The first time David Last, 54, strapped on his Apple Watch it saved his life, when he warned his heart had stopped 138 times in 48 hours
According to the British Heart Foundation (BFH), heart and circulatory disease kills someone every three minutes in the UK. Still, it takes moments to set up your Apple Watch to prevent a difficult medical situation from suddenly spiraling out of control.
Apple Watch has a feature called Emergency SOS, and you can call emergency services by holding down the side button until a countdown sounds and the call is made. You can also easily cancel this request if it is activated by mistake.
But how do you configure your watch for an emergency scenario – and maximize its overall health benefits?
How to set up your Apple Watch in an emergency
Add emergency contacts
There are two ways to add people to your emergency contact list.
On your watch, open Settings > Health > Medical ID.
Find emergency contacts and tap Add for each one. You can also choose your contacts on the Watch app on your iPhone using Medical ID in the settings, just tap Add Emergency Contact there.
In the future, when an emergency SOS event is triggered, your watch will contact these people to let them know where you are.
Configure Medical ID
When emergency services reach you, your medical ID card comes in handy. Most first responders will check this, which may include medical notes, allergies, medications, blood type, etc.
Open Medical ID, tap Edit and add your information.
Add emergency access
Enable Emergency Access or View When Locked, to let doctors see your medical information without your help.
Enable Emergency SOS to enable fall detection (if the age on your medical ID says you are over 55, this feature is automatically enabled).
If you fall, your watch will beep and a notification will ask if you’re okay. If you are, you can cancel the call, but if not – maybe you fell and got knocked out – an emergency SOS call will be made after a little longer. one minute of inactivity.
The latest iPhone and Apple Watch models also have Crash Detection, which uses the same system to make an emergency call if a serious car accident is detected.
Configure medications on new watches
Those who own Apple Watch models four through eight can run the new OS 9 operating system and install a new app called Medicines, which helps you take your medications, vitamins or dietary supplements correctly.

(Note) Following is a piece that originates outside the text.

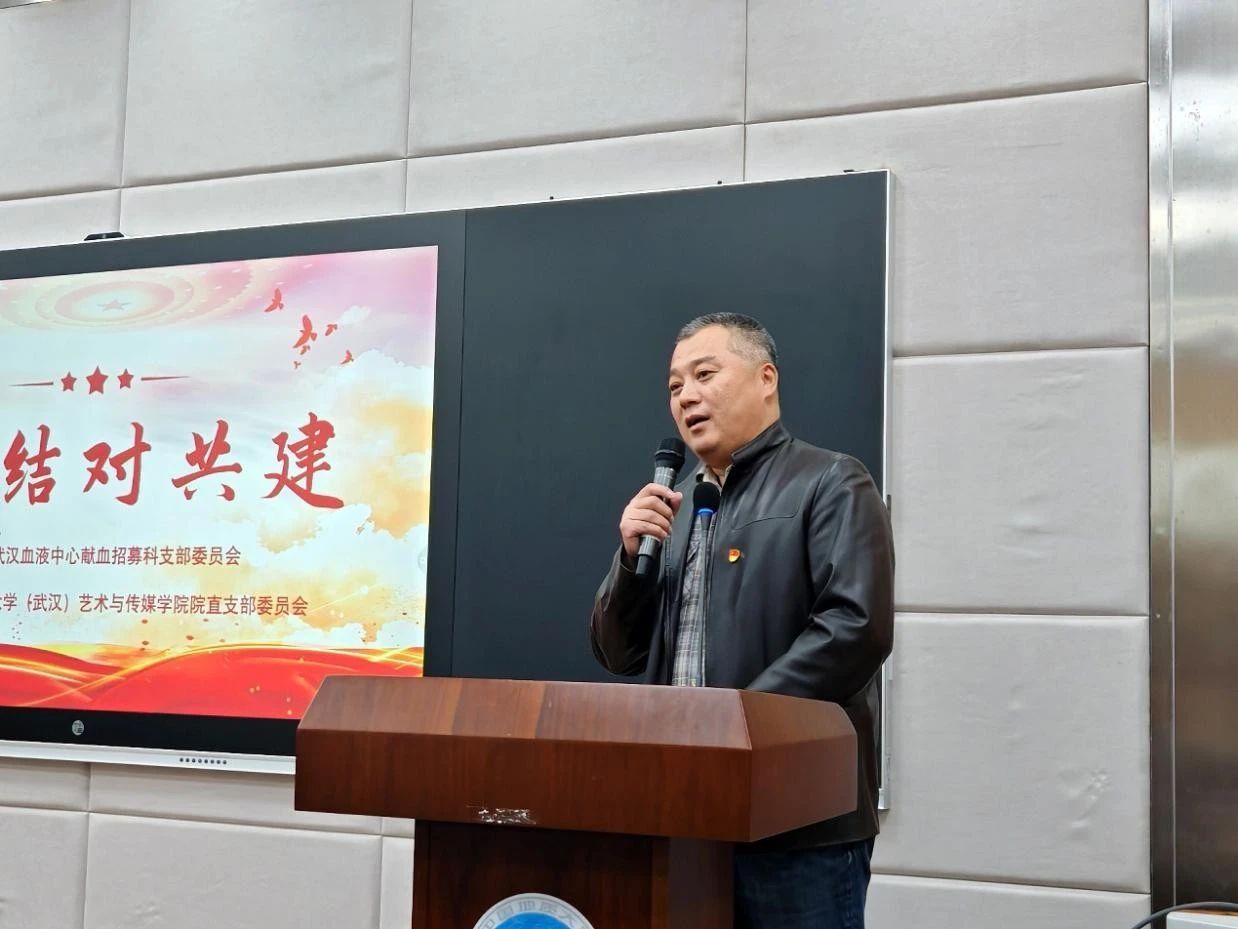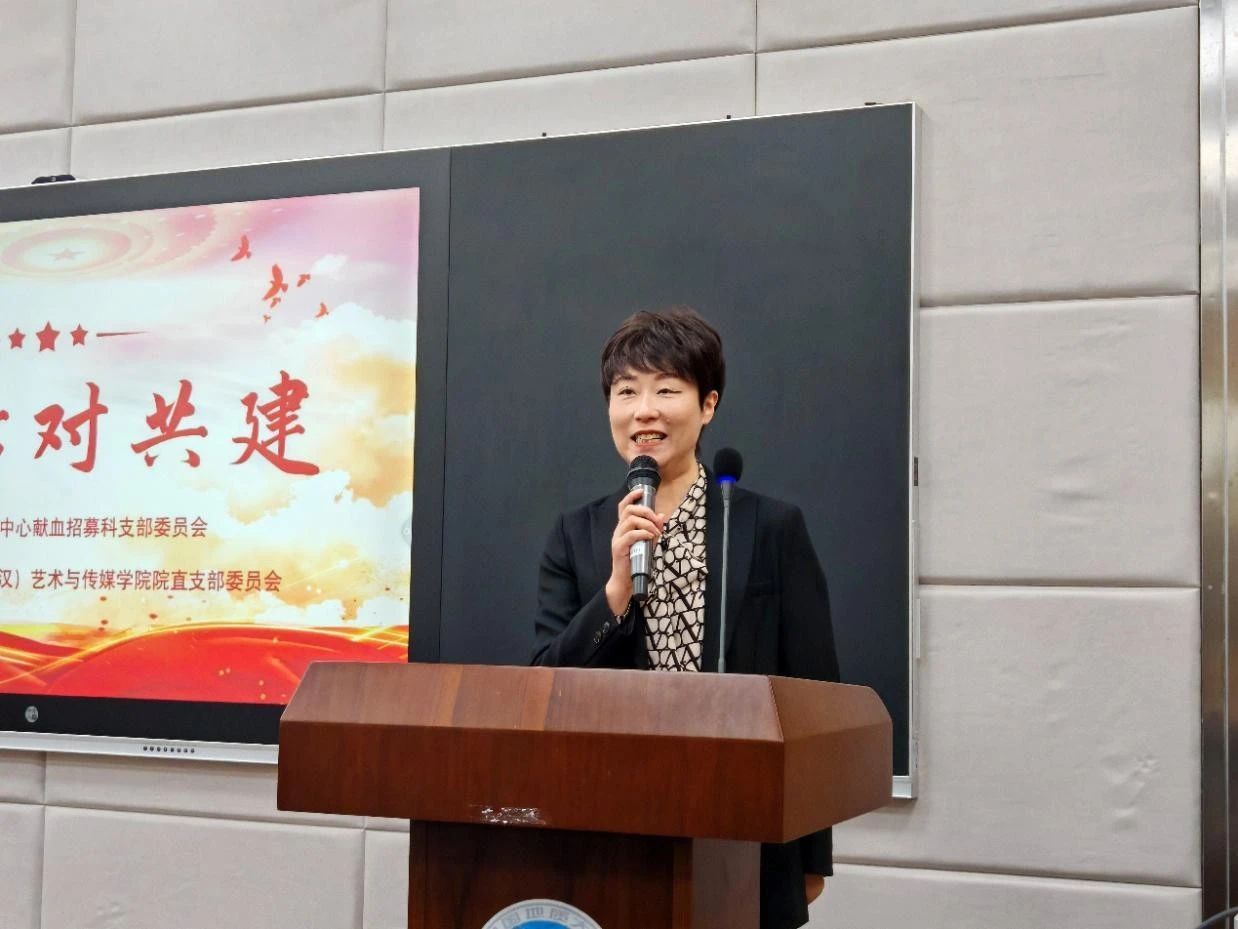 在艺媒楼1104报告厅开展了“热血担当,青春有我”无偿献血主题分享及支部共建活动。武汉血液中心党委委员、副主任杜思颖,武汉血液中心献血招募科王丹,武汉血液中心献血招募科党支部书记顾军,亚洲色吧

Simply select Settings, General, and Software Update, then select Install.
Then go to Health, tap Browse and Drugs.
If you create a schedule in the Health app, the watch will automatically remind you when to take your medicine.

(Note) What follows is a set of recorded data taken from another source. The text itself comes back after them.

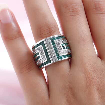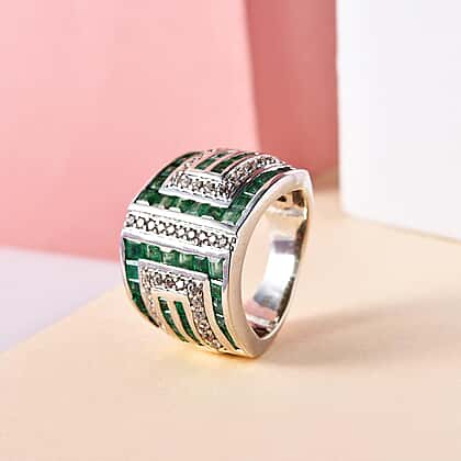 Kagem Zambian Emerald and Natural Zircon Ring in Platinum Overlay Sterling Silver 3.89 Ct, Silver Wt. 10.00 Gms.
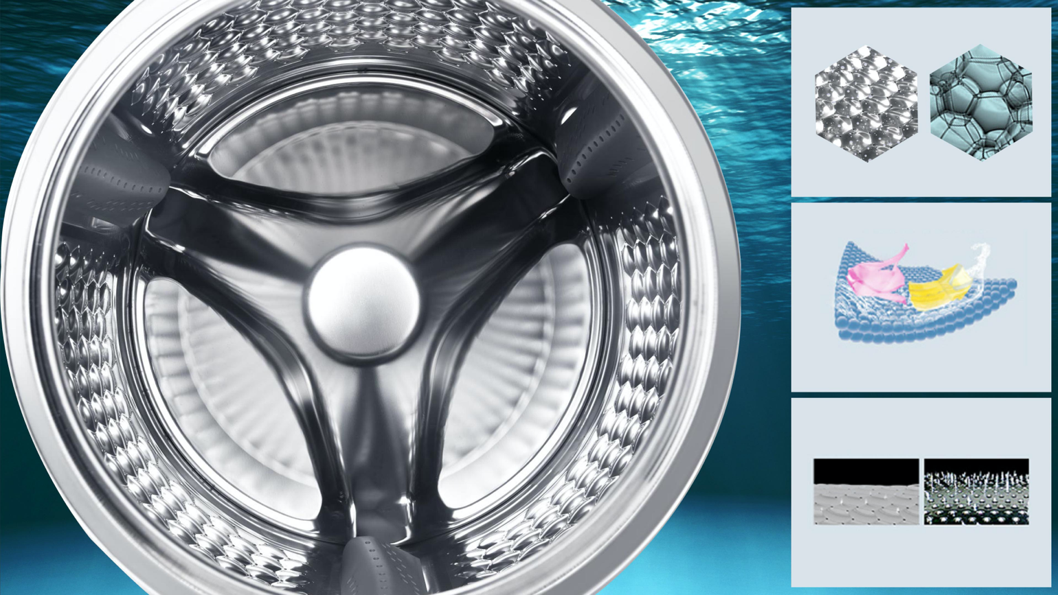 Propre à TCL, le tambour en nid d'abeille hexagonal est conçu pour éliminer même les tâches les plus difficiles, tout en restant doux pour les tissus délicats. Le tambour bénéficie d'une surface destinée à préserver vos tissus les plus délicats, peu importe le nombre de fois où vous les lavez. La conception en nid d'abeille provoque un film d'eau pour protéger vos vêtements pendant le lavage : lorsque le tambour tourne, votre linge glisse doucement à sa surface ; aucun risque d'accroc sur vos tissus les plus délicats.
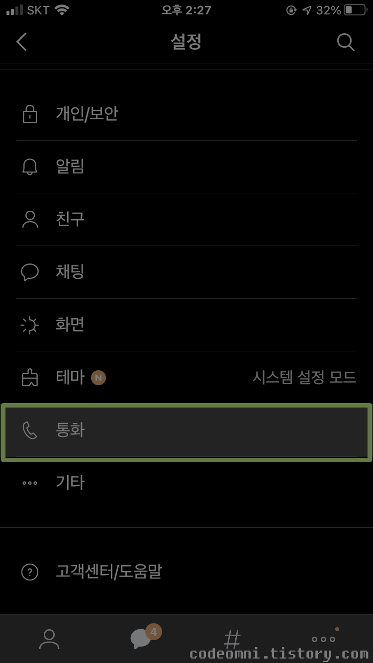 이번 포스팅은 카카오톡 앱의 무료 통화기록 남기기 끄기 및 켜기입니다.
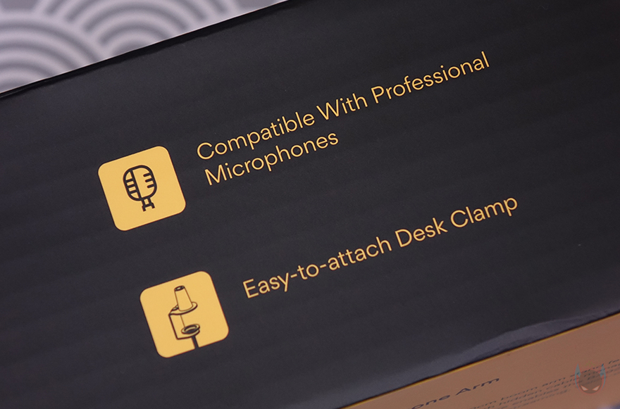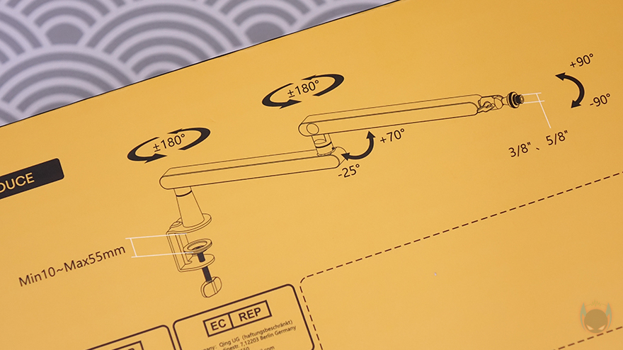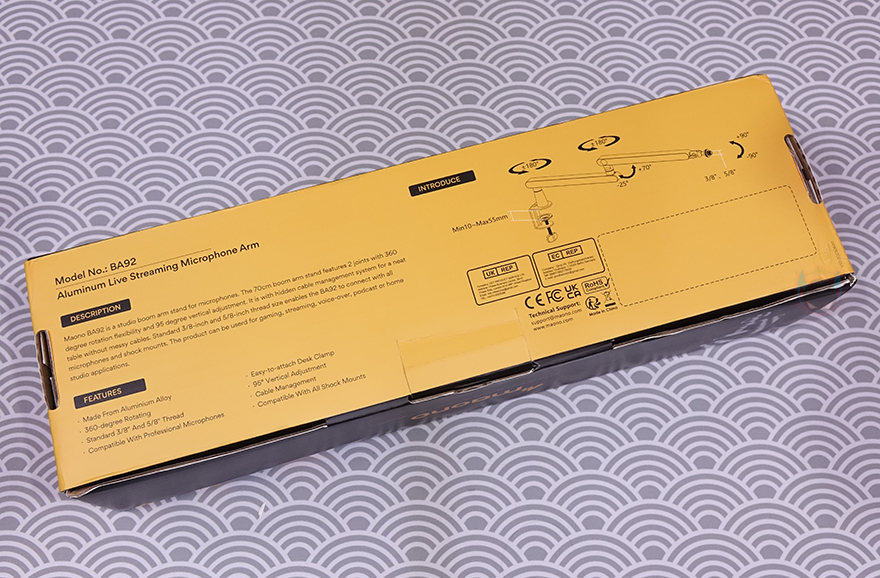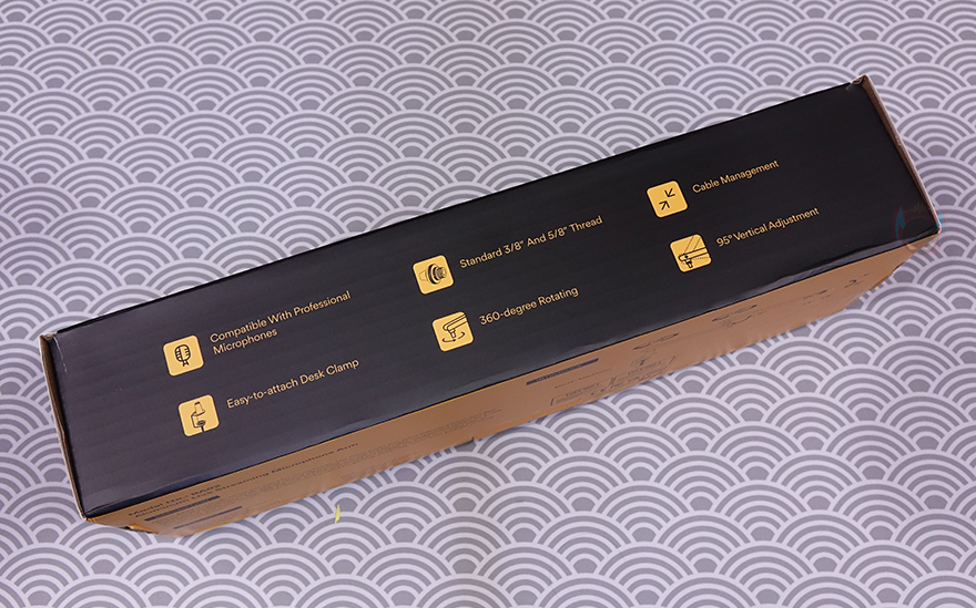 제품박스부터 살펴보면, 모델명과 함께 BA92 마이크 붐 암(Microphone Boom Arm)의 제품 이미지가 바로 담겨있어서, 쉽게 어떤 마이크 붐 암인지 짐작할 수 있습니다. 바로, 로우-프로파일(Low Profile) 마이크 붐 암이죠. 기본적으로 낮은 높이를 가지면서 자유롭게 회전하고 상하 위치를 움직일 수 있는게 로우-프로파일 마이크 붐 암입니다. 이는 박스 측면에도 주요 특징 중 하나로 표기하고 있는데, 다양한 마이크 연결호환성부터 손쉬운 설치, 3/8"인치와 5/8"인치 어댑터, 360˚ 회전, 케이블 정리, 총 95 ˚ 범위의 각도조절을 주요 특징으로 표기해 놨습니다.

How to keep tabs on your heart health
All current Apple Watch models offer high and low heart rate notifications and will notify you if you have an irregular heartbeat. The built-in activity sensors and app can help you work your body a little harder to improve your heart health.

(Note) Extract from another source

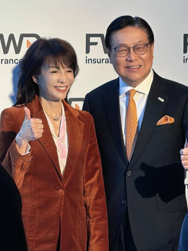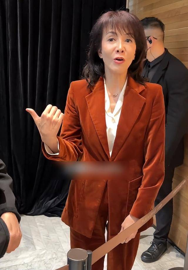 当68岁的郑裕玲身着玫红丝绒西装出席FWD活动,披肩发搭配精致妆容气场全开。
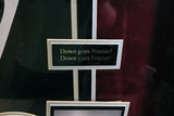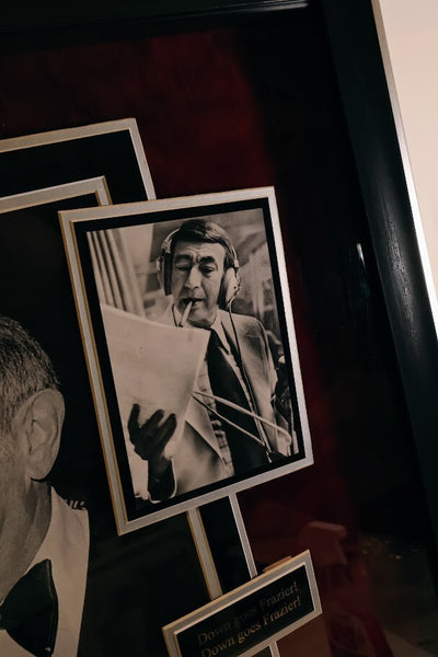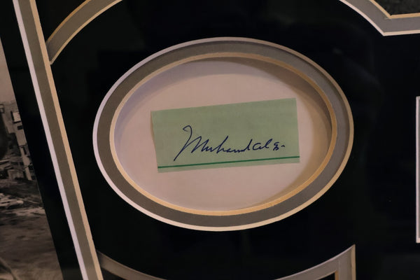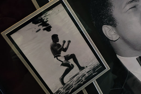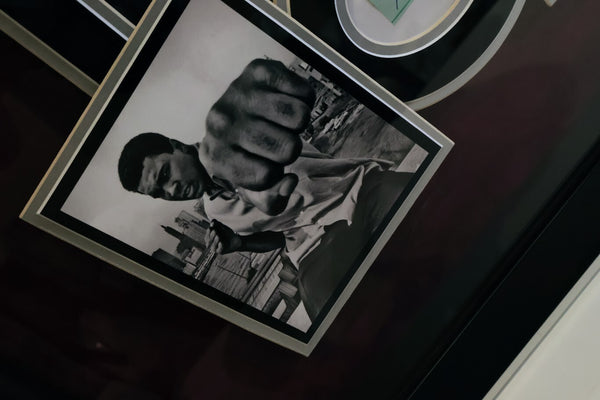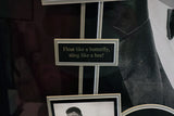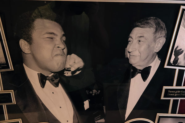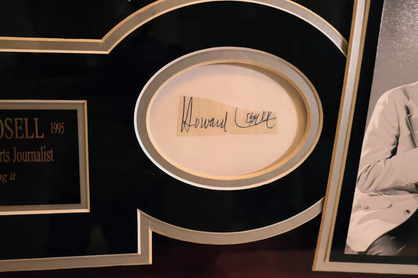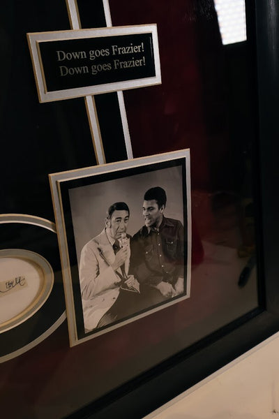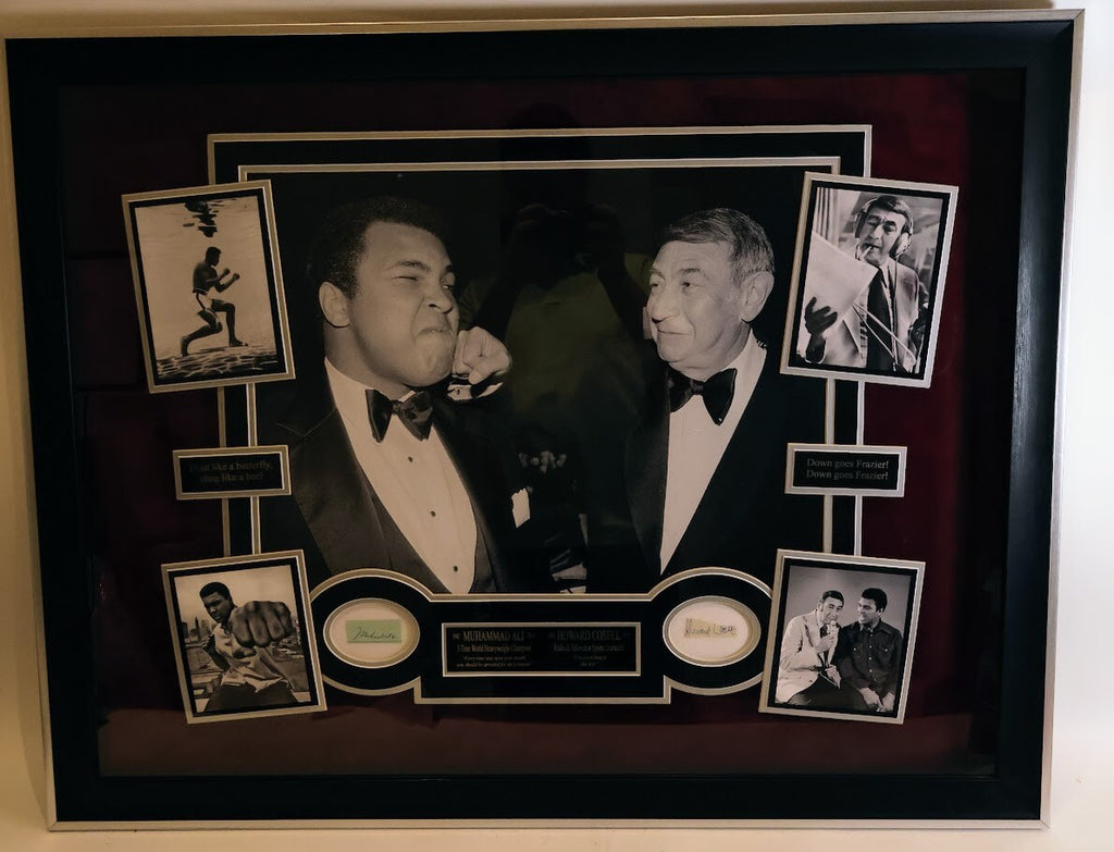 For sale is a rare and beautifully framed dual-autographed collage featuring boxing legend Muhammad Ali and iconic sportscaster Howard Cosell. This visually striking piece captures the unforgettable relationship between two of the most influential figures in sports history. This collectible includes: Authentic signatures of both Muhammad Ali and Howard Cosell, each displayed beneath their image Stunning oversized collage layout with five classic black & white images, including: Ali training underwater Cosell broadcasting ringside The two men laughing during an interview Iconic fist pose Their tuxedoed face-off moment JSA LOA (Letter of Authenticity) included -- one of the most trusted names in memorabilia authentication Famous quotes included: "Float like a butterfly, sting like a bee" "Down goes Frazier! Down goes Frazier!" This is a museum-quality collector's piece, ideal for display in a home office, sports room, or gallery.

Activate the feature in Health on your phone, then open the ECG app on your watch, place your arm on a table or other stable surface, and place the tip of your opposite index finger on the Digital Crown.
After 30 seconds you will see a graph of your heart rate.
If you receive an atrial fibrillation warning, you should repeat the test and, if you receive a warning again, seek help promptly.
How to Set Up Cycle Tracking for Women
Cycle Tracking promises women useful information about their periods and fertility.
To do this, set up the Health app on your iPhone, then enable Cycle Tracking.
The latest Apple Watch Series 8 adds a body temperature sensor, which is also useful for this and other conditions.
Apple Watch and its apps provide many additional tools to help you stay healthy. Activity tracking helps you monitor how much you exercise and provide health advice. The watch also has a sleep tracker to monitor sleep quality.
But the best advice when monitoring your health? Listen to your device. It’s wiser to have something that may seem harmless checked out rather than risk ignoring the warnings.